Why would anyone want to buy this over an Android or iOS device?


----------



## Kanda (Dec 18, 2012)

editor said:


> Why would anyone want to buy this over an Android or iOS device?


 
Corporates with RIM infrastructure in place.


----------



## Manter (Dec 18, 2012)

we have to have apple or RIM.  so this is interesting...


----------



## mwgdrwg (Dec 18, 2012)

editor said:


> Why would anyone want to buy this over an Android or iOS device?


 
Well, the reasons I prefer my Blackberry to those are....size, weight, form factor, keyboard, call quality, speed of use, integration of social networking apps, apps like blackberry travel, password keeper, BBM etc. etc.


----------



## Fez909 (Dec 18, 2012)

editor said:


> Looks identical to Android.


 
Doesn't it just!


----------



## editor (Dec 18, 2012)

Kanda said:


> Corporates with RIM infrastructure in place.


Aren't they fast-disappearing?


----------



## Kanda (Dec 18, 2012)

editor said:


> Aren't they fast-disappearing?


 
Not at that large a rate. Android still needs to up it's game before companies will adopt it also. It's between iOS and RIM at the moment.


----------



## editor (Dec 18, 2012)

mwgdrwg said:


> Well, the reasons I prefer my Blackberry to those are....size, weight, form factor, keyboard, call quality, speed of use, integration of social networking apps, apps like blackberry travel, password keeper, BBM etc. etc.


Let's hope this new phone manages all that. I have my doubts. In fact, I think it's going to be a rerun of the webOS saga: the Blackberry OS may well contain some fantastic class-leading innovation, but it's just too late to grab enough mainstream market traction.

If the high quality apps aren't there and there's not a big enough choice of  handsets why would a regular consumer get this high end smartphone over other, cheaper models?

That said, I'm not sure some of Blackberry's cheapo models will continue to enjoy custom from da kidz.


----------



## editor (Dec 18, 2012)

RIMs market share has been in free fall for ages and I wonder if their diminishing business base will be enough to sustain them if this new handset doesn't find favour with the public.



> RIM lost even more ground — channel sales of BlackBerry smartphones dropped 38.4% in the third quarter, totaling 7.3 million units for a global market share of just 4.2%.


 




http://bgr.com/2012/11/08/smartphone-market-share-q3-2012/


----------



## editor (Dec 18, 2012)

Looks like RIMs glory days are long behind them but look at Symbian plunge!






http://en.wikipedia.org/wiki/File:World-Wide-Smartphone-Market-Share.png


----------



## mwgdrwg (Dec 18, 2012)

One thing's for sure, this is the last throw of the dice.

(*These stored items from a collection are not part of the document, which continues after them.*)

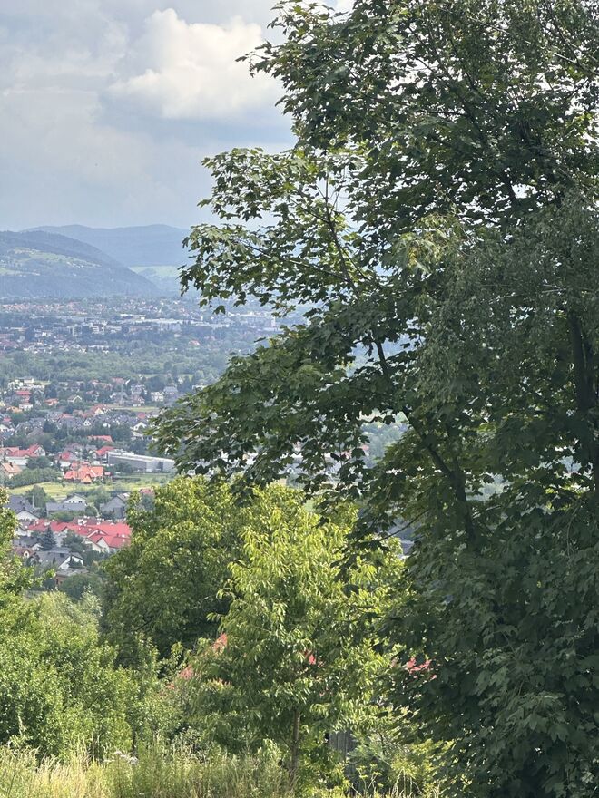 Widok na panoramę Nowego Sącza, w tle Beskid Sądecki
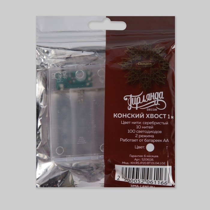 Гирлянда «Конский хвост» 10 нитей по 1 м, IP20, серебристая нить, 100 LED, 2 режима, батарейки AAх3 (нет в комплекте), свечение белое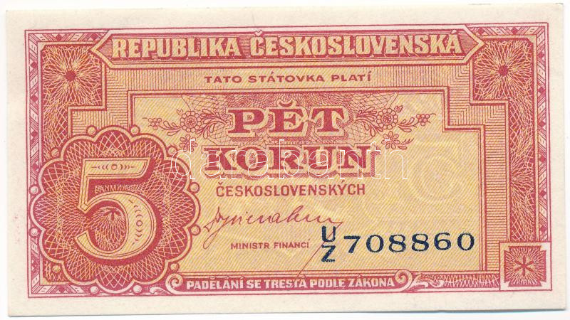 Czechoslovakia 194... https://www.darabanth.com/de/472-Fernauktion/472.0/Numismatik/Weltweit-Banknoten~2000016/Csehszlovakia-1945-5K-UZ-708860-TI--Czechoslovakia-1945-5-Korun-UZ-708860-CUNC-Krause-59~II3194796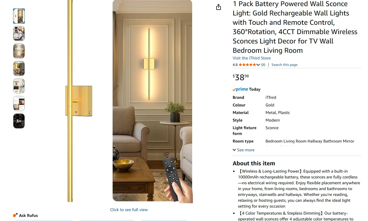Battery Operated Wall Sconce Gold 10000mAh Rechargeable Wall Lights with Touch and Remote Control, 360° Rotate Wireless Wall Scone Decor for TV/Mirror Bedroom Living Room, Brand New in the Box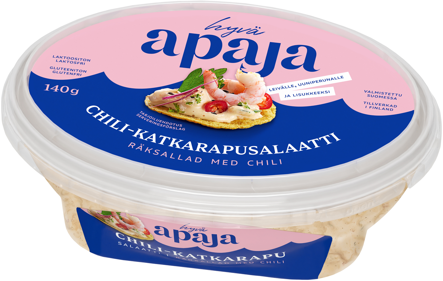 Hyvä Apaja Chili-katkarapusalaatissa on runsaasti MSC-sertifioituja katkarapuja (40%) ja hieman potkua chilistä. Monikäyttöinen katkarapusalaatti sopii erinomaisesti tarjottavaksi kalaruokien kanssa, tortillan, salaattien ja erilaisten leipien täytteeksi ja lisukkeeksi. Majoneesipohjainen chili-katkarapusalaatti on maidoton, laktoositon ja gluteeniton. Koukuttavan hyvät Hyvä Apaja salaatit valmistetaan Suomessa.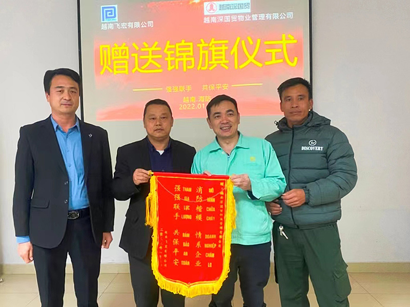 2023-03-01越南深国贸公司消防队消防演习获赞近日,越南深国贸公司消防队受邀前往越南飞宏有限公司开展联合消防演习活动,凭借专业能力和出色表现,被甲方公司赠予“消防楷模,情系企业,强强联手,共保平安”锦旗。 -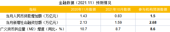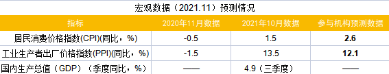 调查数据显示,预估国内11月CPI同比将上行至2.6%附近,PPI将回落至12.1%;当月人民币新增贷款和社会融资规模将反弹至1.5万亿元和2.68万亿元左右;M2同比增速预计8.6%左右。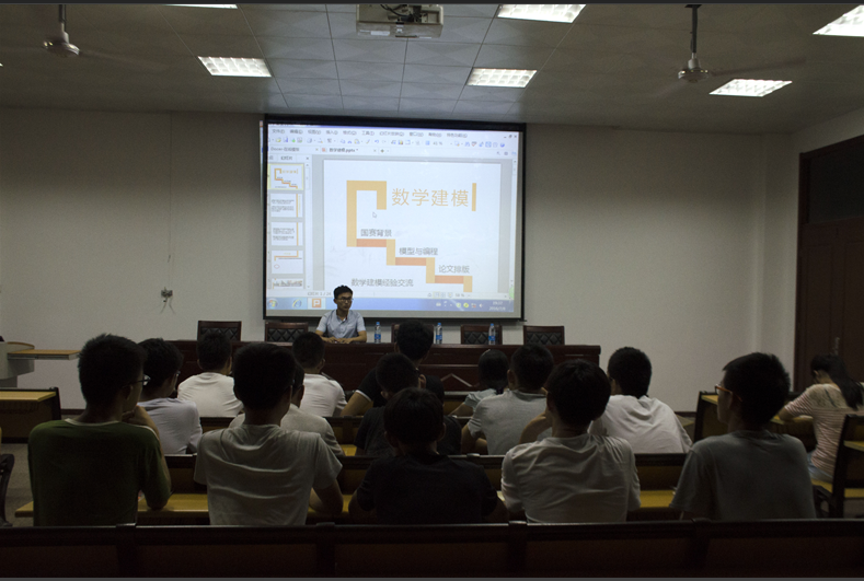 培训会上,徐福通从赛前准备和论文构成两方面对参加数学建模的一系列注意事项进行介绍。他指出合理组队、团结协作、将每位队员的优势最大化,方能力克挫折、勇创佳绩。孔令波对论文结构进行细致讲解,他特别强调精彩的摘要、完整的结构、对细节的把握是成就一篇好论文的关键。最后,李建乐与大家分享了自己的参赛经验,告诫同学们比赛期间应学会调整自身状态、保持坚持到底的精神。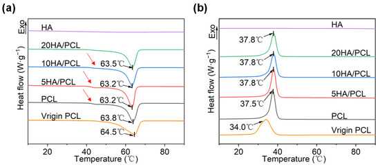 DSC curves of the virgin PCL, PCL, and HA/PCL composite powders: (a) heating and (b) cooling process at a rate of 10 °C/min.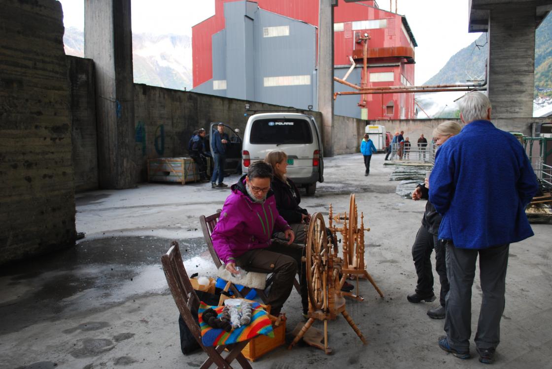 3 "spinnedamer" var der også med rokkane sine og dei spant fint garn. Kjekt for publikum å få se rokkane i bruk..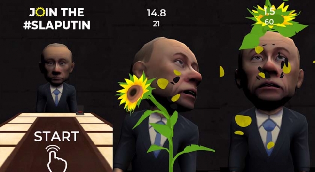 Київська студія Native Games Studio розробила міні-гру, де кожен бажаючий може відлупцювати Путіна соняшником по обличчю. Гра доступна у мобільних браузерах для Android та iOS. За словами розробників, вони хочуть привернути увагу іноземних геймерів до війни в Україні й залучити більше пожертв для військових – наприкінці гри пропонується перейти на сторінку з банківськими реквізитами для допомоги Збройним силам України. А також можна подивитися загальну кількість ляпасів, завданих гравцями лідеру рашистів. “Вирішили, що навіть якщо не доб’ємося масовості, то українці хоча б душу відведуть”, – вважає керівник студії Олександр Чезганов.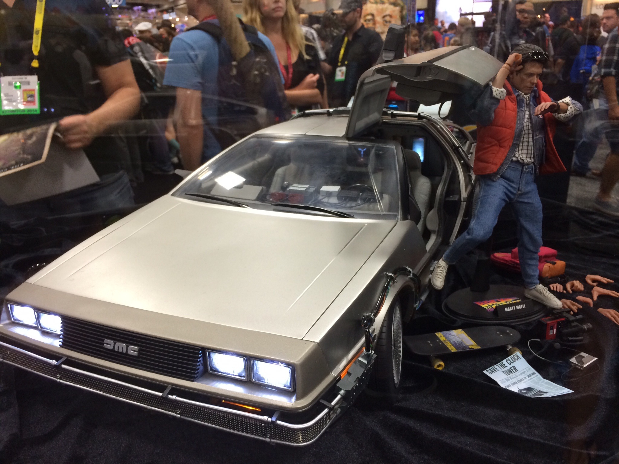 Hot Toys 1/6th scale Back to the Future Marty McFly and Delorean Time Machine on display at Sideshow Collectibles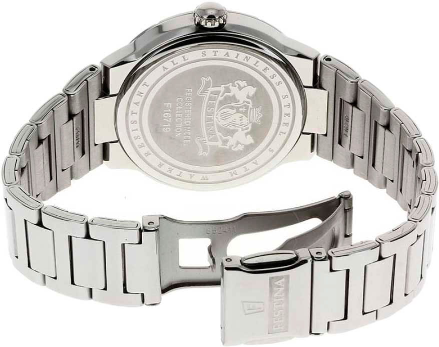 Женские кварцевые часы с минеральным стекломМинеральное стеклоМинеральное стекло представляет собой искусственно выращенный минерал кварца. Такое стекло отличается особой устойчивостью к повреждениям и царапинам. Уступает по некоторым качествам сапфировому стеклу. Festina Boyfriend F16719/4, кварцевый механизм с высокой точностью. Класс водозащиты: 50 метров, позволит защитить корпус от случайных брызг или капель дождя. Корпус часов изготовлен из стали. Стальной браслет на раскладной застёжкеРаскладная застёжкаТакой тип застёжки используется только на браслетах из металла. Она никогда не раскрывается полностью, происходит разделение на 2 и более частей. Раскладывающая застёжка снизит вероятность потери часов к минимуму.. Циферблат инкрустирован цирконами. Метки в виде точек (цирконы) и римских цифр. Рифленая заводная головка.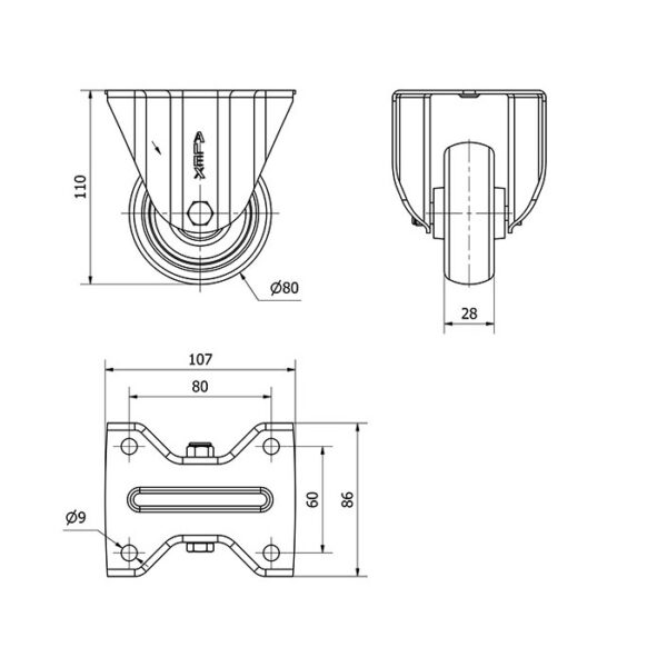 Rueda goma fija Alex diametro 80 mm. modelo 2-3221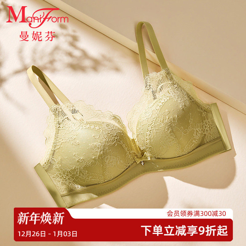 曼妮芬无钢圈聚拢内衣女蕾丝文胸女士胸罩高颜值舒适胸衣

I really hope it's a success for them.


----------



## editor (Dec 18, 2012)

mwgdrwg said:


> One thing's for sure, this is the last throw of the dice. I really hope it's a success for them.

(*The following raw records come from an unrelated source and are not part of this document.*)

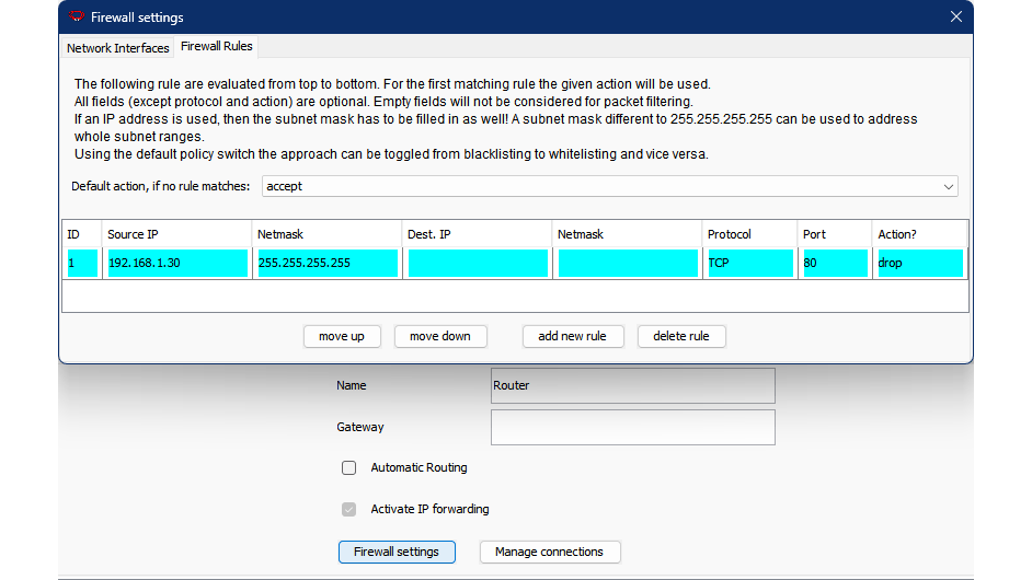 Ga naar het eigenschappenvenster van je router en open Firewall settings. Op het tabblad Network interfaces kun je Filter ICMP packets inschakelen, zodat ping-verzoeken niet meer doorkomen, maar wij zijn meer geïnteresseerd in het tabblad Firewall Rules. Een voorzichtige benadering is accept instellen als Default action if no rule matches. Hierdoor wordt alle verkeer dat niet door zelf gedefinieerde regels wordt onderschept, standaard toegelaten.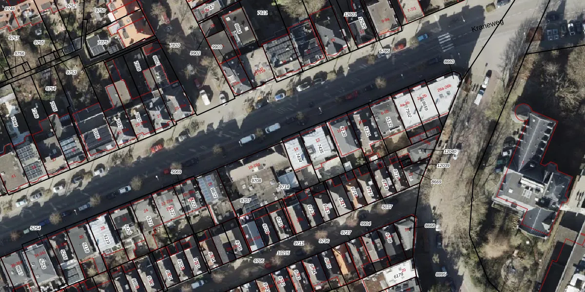 Kraneweg 14 is gelegen op kadastraal perceel GNG00C7434. Deze kadastrale aanduiding is uniek en wordt gebruikt door het Kadaster om eigendomsrechten en andere zakelijke rechten vast te leggen. Het perceel maakt onderdeel uit van de kadastrale gemeente Groningen.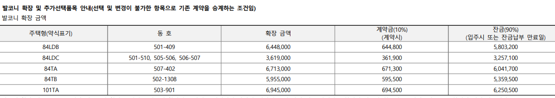 힐스테이트리슈빌 발코니 확장금액입니다

I'd hate to see them go but it feels a lot like the webOS saga to me.


----------



## Kanda (Dec 18, 2012)

We have quite a few and a BES server but we took the decision not to upgrade any handsets over a year ago and let them all go to rolling contracts (unless people broke them but we'd just get a handset) to see where it all pans out.


----------



## Kid_Eternity (Dec 18, 2012)

mwgdrwg said:


> The image in the first post is not too disimilar to leaked photos of the (near) finished item. It's looking very good:


 
That looks remarkably nothing like an iPhone 5.


----------



## Callum91 (Dec 19, 2012)

Looks fantastic to me, although it's a couple of years too late. I hope they price it aggressively, the smartphone market needs as much competition as possible. Why has it taken RIM so damn long to get BBX off the ground?


----------



## Manter (Dec 19, 2012)

editor said:


> Aren't they fast-disappearing?


The other operating systems still have security issues according to our it department. Rim is the only maker than lets them ringfence client data adequately.


----------



## Kanda (Dec 19, 2012)

Manter said:


> The other operating systems still have security issues according to our it department. Rim is the only maker than lets them ringfence client data adequately.


 
This ^^


----------



## mwgdrwg (Jan 30, 2013)

Just getting around to watching the launch webcast now. It looks great so far


----------



## editor (Jan 30, 2013)

I hope the new Blackberry does really well.


----------



## UnderAnOpenSky (Jan 30, 2013)

I see RIM have changed there name. I wish them well, but can't see them being around that much longer.


----------



## mwgdrwg (Jan 30, 2013)

I'll tell you what, they seem so energised and focused this last year, this launch is going to go well. I think Microsoft and Nokia will be shitting themselves. But that's just my opinion, yo 

Thorsten Heinz has really transformed the company in just one year. An impossible task he may have, but he's done one hell of a job.


----------



## mwgdrwg (Jan 30, 2013)

hehe, "Global Creative Director" at Blackberry....Alicia Keys!


----------



## mwgdrwg (Jan 30, 2013)

Super detailed review for those interested:

http://crackberry.com/blackberry-z10-review


----------



## paolo (Jan 30, 2013)

Global Stoner said:


> I see RIM have changed there name. I wish them well, but can't see them being around that much longer.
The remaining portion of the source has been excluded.